I’ve been testing Redis 2.0.0-rc3 in the hopes of upgrading our clusters very soon. I really want to take advantage of hashes and various tweaks and enhancements that are in the 2.0 tree. I was also curious about the per-key memory overhead and wanted to get a sense of how many keys we’d be able to store in our ten machine cluster. I assumed (well, hoped) that we’d be able to handle 1 billion keys, so I decided to put it to the test.
I installed redis-2.0.0-rc3 (reported as the 1.3.16 development version) on two hosts: host1 (master) and host2 (slave).
Then I ran two instances of a simple Perl script on host1:
#!/usr/bin/perl -w $|++; use strict; use Redis; my $r = Redis->new(server => 'localhost:63790') or die "$!"; for my $key (1..100_000_000) { my $val = int(rand($key)); $r->set("$$:$key", $val) or die "$!"; } exit; __END__
Basically that creates 100,000,000 keys with randomly chosen integer values. They keys are “$pid:$num” where $pid is the process id (so I could run multiple copies). In Perl the variable $$ is the process id. Before running the script, I created a “foo” key with the value “bar” to check that replication was working. Once everything looked good, I fired up two copies of the script and watched.
I didn’t time the execution, but I’m pretty sure I took a bit longer than 1 hour–definitely less than 2 hours. The final memory usage on both hosts was right about 24GB.

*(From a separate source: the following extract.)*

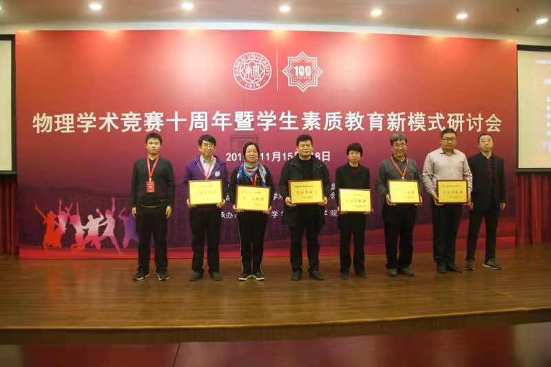 在本次研讨会最后的表彰大会上,我校被授予“中国大学生物理竞赛突出贡献奖”。这个奖项的获得也是对CUPT活动在我校蓬勃开展,快速发展的充分肯定。

Here’s the output of INFO from both:
Master:
redis_version:1.3.16 redis_git_sha1:00000000 redis_git_dirty:0 arch_bits:64 multiplexing_api:epoll process_id:10164 uptime_in_seconds:10701 uptime_in_days:0 connected_clients:1 connected_slaves:1 blocked_clients:0 used_memory:26063394000 used_memory_human:24.27G changes_since_last_save:79080423 bgsave_in_progress:0 last_save_time:1279930909 bgrewriteaof_in_progress:0 total_connections_received:19 total_commands_processed:216343823 expired_keys:0 hash_max_zipmap_entries:64 hash_max_zipmap_value:512 pubsub_channels:0 pubsub_patterns:0 vm_enabled:0 role:master db0:keys=200000001,expires=0
Slave:
redis_version:1.3.16 redis_git_sha1:00000000 redis_git_dirty:0 arch_bits:64 multiplexing_api:epoll process_id:5983 uptime_in_seconds:7928 uptime_in_days:0 connected_clients:2 connected_slaves:0 blocked_clients:0 used_memory:26063393872 used_memory_human:24.27G changes_since_last_save:78688774 bgsave_in_progress:0 last_save_time:1279930921 bgrewriteaof_in_progress:0 total_connections_received:11 total_commands_processed:214343823 expired_keys:0 hash_max_zipmap_entries:64 hash_max_zipmap_value:512 pubsub_channels:0 pubsub_patterns:0 vm_enabled:0 role:slave master_host:host1 master_port:63790 master_link_status:up master_last_io_seconds_ago:512 db0:keys=200000001,expires=0
This tells me that on a 32GB box, it’s not unreasonable to host 200,000,000 keys (if their values are sufficiently small). Since I was hoping for 100,000,000 with likely lager values, I think this looks very promising. With a 10 machine cluster, that easily gives us 1,000,000,000 keys.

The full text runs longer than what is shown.